What is the Treasury?
As a quick definition, Treasury, or Treasury management to be more precise, refers to the daily management of cash or money inflows and outflows of a company or business organization. This, therefore, refers to the daily management of collections, payments of a company, as well as the current cash management of the company and the forecast of the future situation based on the future of the company and the economic context in the one who finds the same. On a larger scale, a company’s cash management can translate into more complex activities such as managing advance collections, obtaining loans or lines of credit, financing investment activities, managing risk coverage such as fluctuations in exchange rates or interest rates, etc.
For this reason, the level and sophistication of Treasury management varies from company to company, depending on size, sector, capital needs, etc.

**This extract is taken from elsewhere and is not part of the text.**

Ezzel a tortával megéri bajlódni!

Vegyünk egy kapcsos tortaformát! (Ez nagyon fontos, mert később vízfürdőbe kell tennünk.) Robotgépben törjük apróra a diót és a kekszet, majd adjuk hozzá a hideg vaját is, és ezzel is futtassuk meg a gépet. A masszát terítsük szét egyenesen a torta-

To contextualize, it will not be the same, for example, the Treasury management of a Bank, which has to analyze its situation of deposits, loans and maturities of these, than the Treasury management of a small store that charges for the sale of its products. cash. The complexity therefore can vary infinitely from company to company.
Origin of Treasury management
The word Treasury comes from Latin and is not of Anglo-Saxon origin, unlike most of the financial terms we use today. For example, in the region of Provence “Thezauraria”, in Spanish the Treasury, or “trésorerie, “treasure house” in France. The definition of the French Academy is probably one of the oldest, dating from 1835. “A trésorier” or Treasurer, is a person who manages the finances of a company or an association. The Treasury also referred to the public place where public funds were managed and administered.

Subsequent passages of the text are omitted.